Freidman’s ideas about the advantages of smaller government and reliance on monetary controls have been selectively seized upon to give credence to an economic fundamentalism. What we have witnessed has been a very loose monetary policy which made the cost of money (money being currency and easily liquefied bank deposits) very cheap and acted as a catalyst for the excessive leveraging of corporations whose failure precipitated a financial collapse of grand proportions. I agree with Economist Paul Krugman who suggests we will, going forward, increasingly revert to a Keynesian style of economics in preference to one grounded purely on monetarism.

That is not to say a need arises for a larger government sector or even for more legislation. In fact I think we are in danger of over-acting and imposing such increased regulatory controls with proposed increases in new capital ratios and stricter lending requirements as to risk curtailment of any recovery by inducing a reduction in liquidity just as stimulatory measures globally must be wound back.


What are needed in my view are more descriptive type provisions in tandem with improved regulation, coupled with transparency. Large financial institutions need to have their mainstay commercial business and consumer lending areas separated
into different entities to those involved in derivatives and any proprietary trading.

Additionally markets all need to be afforded transparency so that any derivative trading – particularly in relation to Hedge Funds – can be determined for markets to be informed and not left in the dark as was past practice.

The type of philosophical materialism which led to the idea that the stock exchange represents preferred repositories of money making entities which require freedom from regulation in order for those entities to create the wealth necessary to sustain our economies was always a discredited theory. However to the extent those stocks do represent a sustainable linkage of goods or services that may indeed be true. But because of the remoteness and lack of transparency to many of the corporate inputs the actual outcomes are oft far removed from such a reality. Sucked into a vortex of a money making machine where investors in AAA rated securities (and those securities derivations )were so far removed from those who actually owned the properties,it was hard to grasp initially how such schemes were concocted in the first place. Any renegotiation after default was thwarted by intermediaries who had no interest in any renegotiation or were restrained through legalities. The lack of regulatory oversight and need for improved transparency needs no further elaboration on my part. Any system which trades purely on the expectation of another’s failure is doomed to eventual failure, since integrity never envisaged insurance was to benefit from another’s failure or that one could make a profit from insurance.

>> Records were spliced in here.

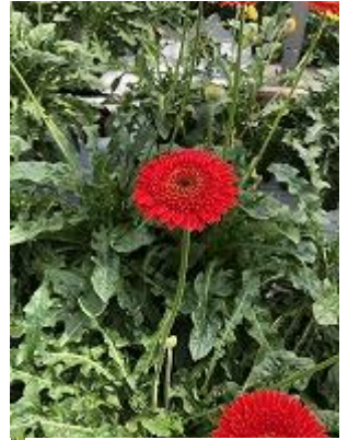
オレンジビーナス 淡めオレンジ ボリュームミーです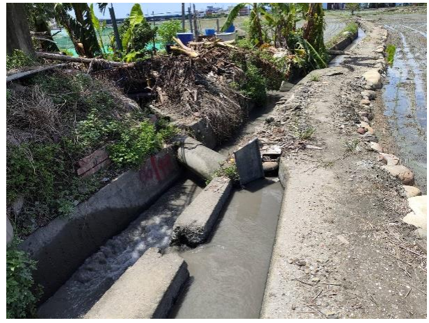
時間：113/11/19 說明：橫圳補助圳支線 2 小給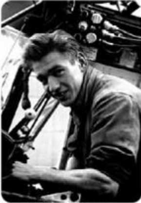
Will E. Messerschmitt 윌리 에밀 메셔슈미트 (1898.7.26-1978.9.15)

그는 14살에 첫 글라이더를 만들었고 3년 뒤 날수 있는 구조를 디자인하였다. 비행기 설계에 관심이 많았던 그는 메셔슈미트 비행기 제작소를 설립하여 독일 항공 우주산업의 리더가 되었으며 38년 바이에른 항공기 제작사와 합병, 2차 대전 동안 독일 공군을 위해 약 35000대의 ME BF-109를 생산하였다. 전쟁이 끝난 후 약 2년간 미군에게 억류당해 재봉틀을 생산하였으나 58년 다시 항공기 제작을 시작하여 70년대에는 약 2만 명의 직원을 거느린 인공위성, 헬리콥터, 미사일, 항공기 제작사가 되었다.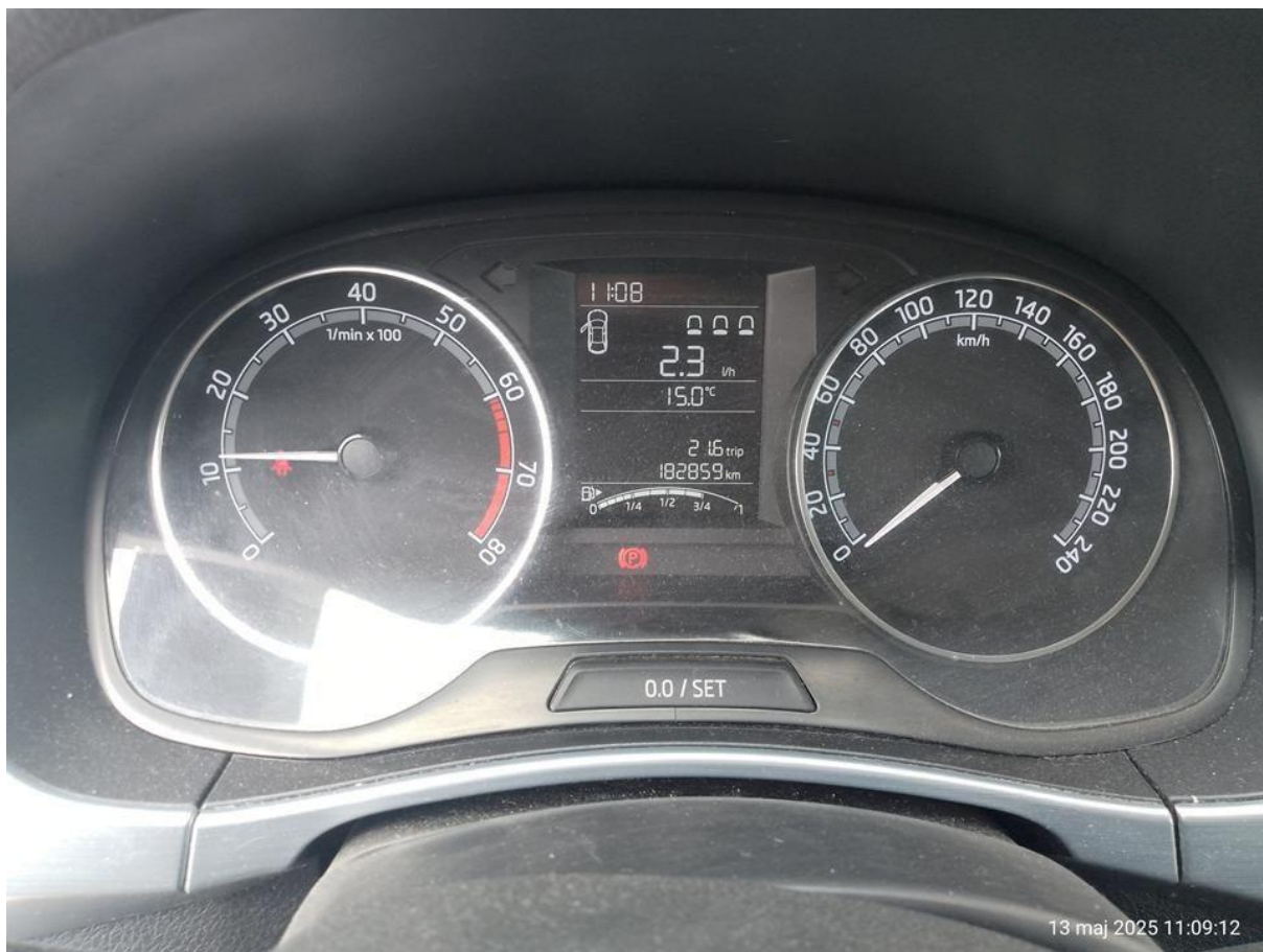
Fot. nr 18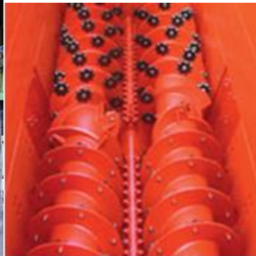
Protibežné šneky + protiostrie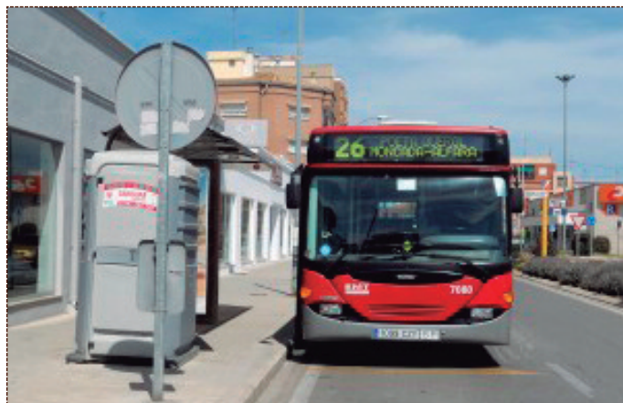
Línea 26 de l'autobús de l'EMT a la parada de Montcada-Alfara.

El Presidente de la Generalidad, Ximo Puig, junto con la consellera de Vivienda, Obras Públicas y Vertebración del Territorio, María José Salvador, mantuvo el pasado martes 12 de abril una reunión de trabajo en el Palau de la Generalitat con representantes de algunas de las poblaciones afectadas, con el objetivo de trasladarles la solución adoptada por las instituciones supra-municipales y poner fin a los problemas de movilidad planteados a los municipios en los que el anterior gobierno de la ciudad de Valen-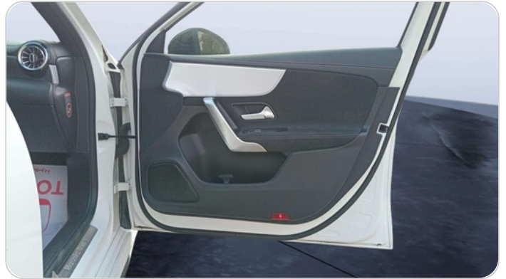
FR R DOOR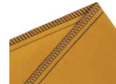
5-Faden-Sicherheitsnaht bestehend aus Kettenstich und 3-Faden-Overlocknaht

Säumen und Versäubern in einem Schritt – Standardnaht in der Bekleidungsindustrie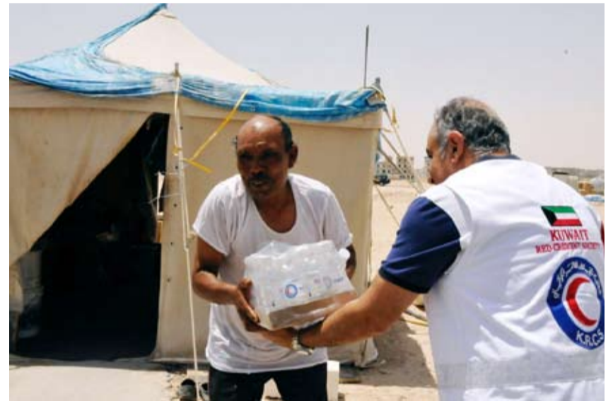
جمعية الهلال الأحمر الكويتي توزع 2400 عبوة مياه على العمال

المجتمع لهم ولما يقدمونه من إسهامات لخدمة الوطن، مبيّناً أن الجمعية وفرت شاحنات مبردة ومجهزة لتوزيع المياه الباردة في الكثير من المواقع الإنشائية.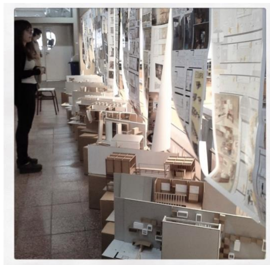
Fig. 2 – Muestra final de trabajos, el mueble habitable.

Muebles modulares, espacios fluidos, vivienda flexible son elementos y estrategias que se desarrollan por influencia de un nuevo tipo de vida, de relaciones sociales más libres.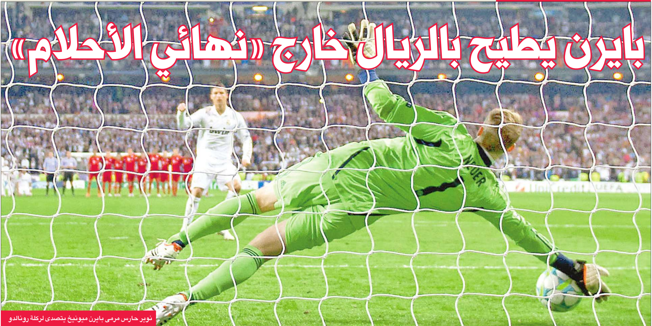
نوير حارس مرمى بايرن ميونخ يتصدى لركلة رونالدو

التفوق البدني لاعبي الفريق البافاري (75). وفي الدقيقة الأولى من الحصة الإضافية الأولى، حصل ريال مدريد على ركنية شكلت خطورة واضحة، وخرج ريبيري وحمل محله توماس مولر (95)، وتباطأ رونالدو في التسديد فابعدت الكرة وفاتت فرصة غنية على ريال مدريد (99). وفي الحصة الثانية، دخل الأرجنتيني غونزالو هيغوواين بدلا من بنزيمة، ثم استتبأن غرانيرو بدلا من اوزيل، ووضع كاكّا فرصة ثمينة أخرى بعدما استقبل الكرة على صدره واختار ماذا يفعل (112).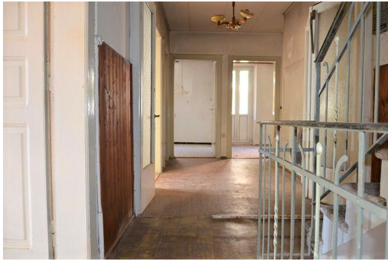
Gang / atrio

However on a more positive note all of the major companies I have studied here in Australia – and from what I understand applies globally – are making strenuous efforts to ensure their business is sustainable and reflects the latest in good governance. Most refer to the savings in carbon reductions per employee and even in relation to their stakeholders. There is realization the old ways are not appropriate and regardless of any inaction by the government, a global transformation is already in full swing. It is also refreshing to read that many of the big banks were dismissive of the overtures of their overseas counterparts when offered trade in collaterised debt securities. That rejection was based upon the unnatural dichotomy between the security holder and the layers of wrapping that preceded the security in the form of the property. Some Banks still like to know who their customers are and to personally evaluate the risk- if you’re unable to do that alarm bells need to go off.

I will close with a link to where I began with the Australian Aboriginals. Money really is only a means of exchange so that we- ideally like our indigenous peoples- share to the extent as is necessary and sustainable.

Similarly our evolution was more dependent upon survival through cooperation - not on survival of the fittest as evolution’s most misquoted quotes suggest- since the way forward so far as our evolution is concerned has always depended upon cooperative efforts.

Best wishes for 2010 – may it offer more hope than the previous decade!

Friday, December 25

Christ “Hidden Beneath the Whitewash”

There is a story told in Holland, perhaps more mythical than true. It runs this way:
There was an old church. For many years, upon entering it, every-one would stop and bow in the direction of a whitewashed wall. No-body knew exactly why anybody did that, but everyone had been doing it for such a long time that nobody questioned it. It was tradition. Besides, there was something fitting about doing it. It felt right.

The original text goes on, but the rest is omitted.